Third, I exposed two ports: 9000 for the S3 API and 9001 for the web console. The console is locked behind Cloudflare Access so only my IP can reach it. The API port is internal to the homelab network, not exposed to the internet.

Fourth, I created buckets. You can do this via the web console at port 9001, or via the mc command-line tool. I prefer mc because it is scriptable. I set an alias and created buckets for each app:

mc alias set local http://<minio-host>:9000 <root-user> <root-password>
mc mb local/pmc-lessons
mc mb local/dml-exports
mc mb local/pl-archives
mc mb local/cc-assets

Fifth, I created scoped access keys per app. Each key has read-write access to exactly one bucket. No key can touch another app's data. This is done through the web console under the Identity menu. Create a new user, assign a policy that restricts access to one bucket, then generate the access key and secret key.

Sixth, I set the environment variables in each app's Coolify configuration. The endpoint is http://<minio-host>:9000. The bucket name matches the one I created. The access key and secret key are the scoped credentials.

That is the entire setup. It took about 30 minutes, most of which was waiting for the Docker image to pull.

The trade-offs

Self-hosting MinIO is not free in the total-cost-of-ownership sense. You pay in time and attention instead of dollars. Here are the trade-offs I live with.

No multi-region replication. The community edition of MinIO does not support bucket replication across instances. I run a single instance on one machine. If that machine dies, storage is down until I restore from backup. I handle this with daily backups to a NAS, which I will describe below.

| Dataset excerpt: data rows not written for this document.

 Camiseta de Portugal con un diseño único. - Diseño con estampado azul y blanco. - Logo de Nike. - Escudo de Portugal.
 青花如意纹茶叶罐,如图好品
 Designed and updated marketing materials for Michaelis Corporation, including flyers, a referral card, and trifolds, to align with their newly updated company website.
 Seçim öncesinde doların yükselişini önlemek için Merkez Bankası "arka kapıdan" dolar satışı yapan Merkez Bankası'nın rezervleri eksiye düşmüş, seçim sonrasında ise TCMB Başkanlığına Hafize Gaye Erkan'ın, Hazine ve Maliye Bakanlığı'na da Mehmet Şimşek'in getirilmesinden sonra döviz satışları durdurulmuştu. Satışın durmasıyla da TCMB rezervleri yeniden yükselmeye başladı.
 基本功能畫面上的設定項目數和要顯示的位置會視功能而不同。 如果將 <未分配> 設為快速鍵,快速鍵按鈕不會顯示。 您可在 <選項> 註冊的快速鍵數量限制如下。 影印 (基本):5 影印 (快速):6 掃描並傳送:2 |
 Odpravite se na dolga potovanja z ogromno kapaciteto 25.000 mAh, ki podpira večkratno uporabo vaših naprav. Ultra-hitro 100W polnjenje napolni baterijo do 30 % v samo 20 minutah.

No glacier tier or object lifecycle transitions. MinIO supports lifecycle rules for deletion and tiering, but on a single homelab there is no cold storage hardware. I cannot move old objects to a cheaper tier automatically. I just delete old exports manually when they accumulate.

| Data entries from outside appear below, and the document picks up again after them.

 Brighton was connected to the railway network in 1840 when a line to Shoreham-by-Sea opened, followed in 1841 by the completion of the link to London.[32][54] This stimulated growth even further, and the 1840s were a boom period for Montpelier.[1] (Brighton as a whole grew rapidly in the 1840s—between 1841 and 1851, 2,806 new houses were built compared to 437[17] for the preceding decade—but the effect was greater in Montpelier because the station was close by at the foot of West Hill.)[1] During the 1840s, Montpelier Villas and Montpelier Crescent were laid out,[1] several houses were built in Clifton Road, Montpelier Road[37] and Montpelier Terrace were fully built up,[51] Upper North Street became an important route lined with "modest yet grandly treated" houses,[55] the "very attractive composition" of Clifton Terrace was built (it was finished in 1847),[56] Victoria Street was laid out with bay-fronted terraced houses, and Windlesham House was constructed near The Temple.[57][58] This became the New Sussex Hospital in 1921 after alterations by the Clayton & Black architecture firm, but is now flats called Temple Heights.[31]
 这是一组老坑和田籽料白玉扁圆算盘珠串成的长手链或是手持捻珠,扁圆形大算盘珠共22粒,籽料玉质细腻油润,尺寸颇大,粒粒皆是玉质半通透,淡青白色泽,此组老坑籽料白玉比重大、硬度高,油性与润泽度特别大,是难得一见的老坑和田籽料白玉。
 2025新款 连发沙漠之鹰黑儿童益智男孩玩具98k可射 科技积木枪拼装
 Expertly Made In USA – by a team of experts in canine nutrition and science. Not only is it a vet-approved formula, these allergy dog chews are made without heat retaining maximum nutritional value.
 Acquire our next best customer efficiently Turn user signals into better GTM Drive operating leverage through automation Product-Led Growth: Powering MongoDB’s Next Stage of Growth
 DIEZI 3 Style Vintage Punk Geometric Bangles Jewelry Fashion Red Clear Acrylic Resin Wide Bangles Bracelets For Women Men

IAM is simpler than AWS. There are no STS roles, no assume-role policies, no cross-account access. It is users and access keys with inline policies. That is fine for a solo operation. I do not need a complex permission model for one person.

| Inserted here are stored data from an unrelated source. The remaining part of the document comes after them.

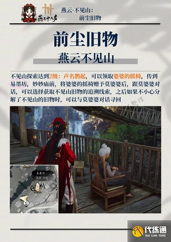 不見山探索達到2級:聲名鵲起,可以領取婆婆的搖椅,傳到易墨坊,妙妙廟前,將婆婆的搖椅贈予莫婆婆后,跟莫婆婆對話,可以選擇獲取不見山舊物的追溯線索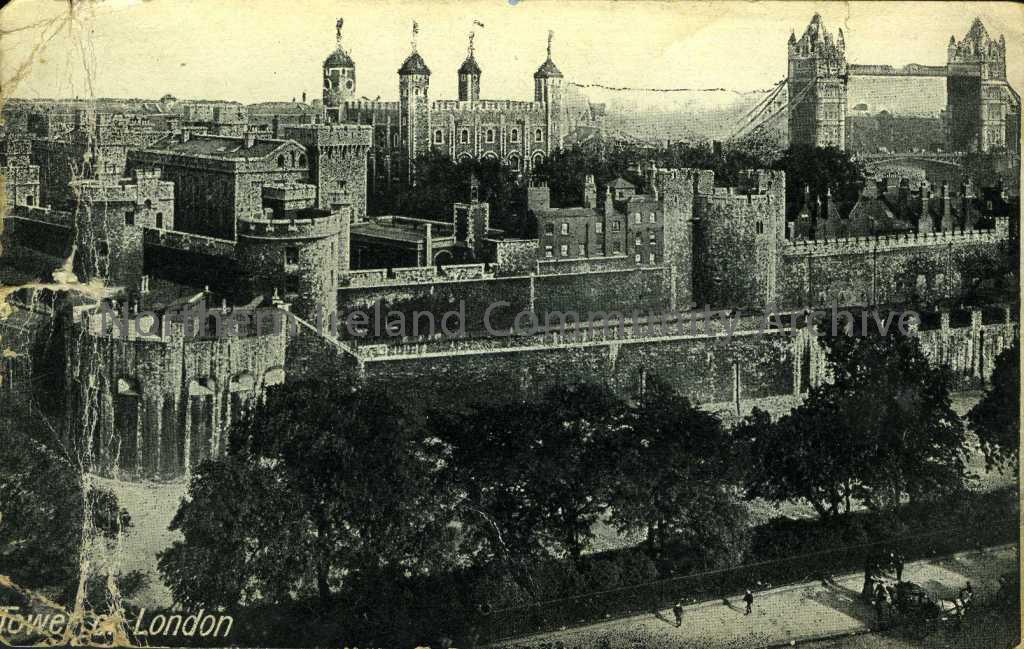 Black and white photographic postcard titled ‘Tower of London’. Addressed to Miss B Currie, 79 Kansas Ave, Belfast. Dated 15th September ?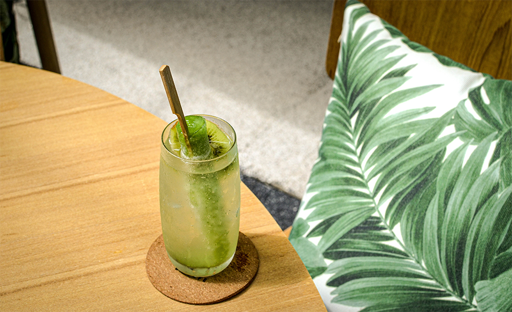 หรือถ้าแค่อยากหลบแดดร้อน ๆ เข้ามารับแดดแบบพอดีในพื้นที่ควบคุมอุณหภูมิให้ใจเย็นลง ทางร้านก็ยังมีเมนูเครื่องดื่มมากมายให้เลือก ไม่ว่าจะเป็น สตรอว์เบอร์รีสมูทตี้ ที่จะสั่งมาจิบคู่กับอาหารมื้อเช้า หรือจะจิบเล่นในตอนบ่ายก็ได้ เช่นเดียวกับ กีวี่โซดา ที่ความเก๋ของเขาอยู่ที่การแอบหยอดกีวี่ป็อปซิเคิลลงมาในแก้วเพื่อเพิ่มความสดชื่น

Uptime is on me. My homelab has been more reliable than AWS in terms of billing surprises, but less reliable in terms of raw uptime. Power outages, kernel updates, and the occasional Docker daemon restart happen. I accept that.

The backup story

Every Sunday at 2am, a systemd timer runs a script that mirrors the MinIO data directory to my QNAP NAS over the local network. The command is simple:

mc mirror --watch /opt/drafted-minio/data/ /mnt/nas/minio-backup/

The --watch flag is not strictly needed for a cron job, but I keep it in case I ever run the script manually. The NAS has its own RAID configuration and an offsite snapshot to a remote location. So I have three copies of every bucket: the live MinIO data, the NAS backup, and the offsite snapshot.

This is not S3's 11 nines of durability. It is good enough for lesson archives and PDF exports that can be regenerated from the database if necessary. The database itself gets its own backup pipeline.

When you should not self-host MinIO

There are cases where MinIO is the wrong answer.

If you serve public images at scale, use Cloudflare R2 or AWS S3 with a CDN in front. MinIO on a homelab cannot handle the bandwidth of thousands of concurrent image requests. Your server will saturate its uplink and users will see timeouts.

If you need compliance certifications like HIPAA or SOC 2 Type II, buy AWS. MinIO has enterprise features for that, but the community edition does not. And even the enterprise edition requires you to manage the infrastructure yourself. For a solo founder, the audit cost alone is not worth it.

If your team does not already operate Linux storage, do not start with MinIO. You will need to understand filesystem permissions, Docker volumes, network configuration, and backup strategies. That is a skillset, not a checkbox.

The boring correct answer

For a solo founder running a few SaaS sites where storage is bounded in the gigabyte-to-terabyte range and egress matters, MinIO is the boring correct answer. It costs nothing, it speaks the same API as AWS, and it runs on hardware you already have.

I set it up once and forgot about it. The backups work. The apps work. The AWS bill went to zero.

That is the kind of win that keeps me building.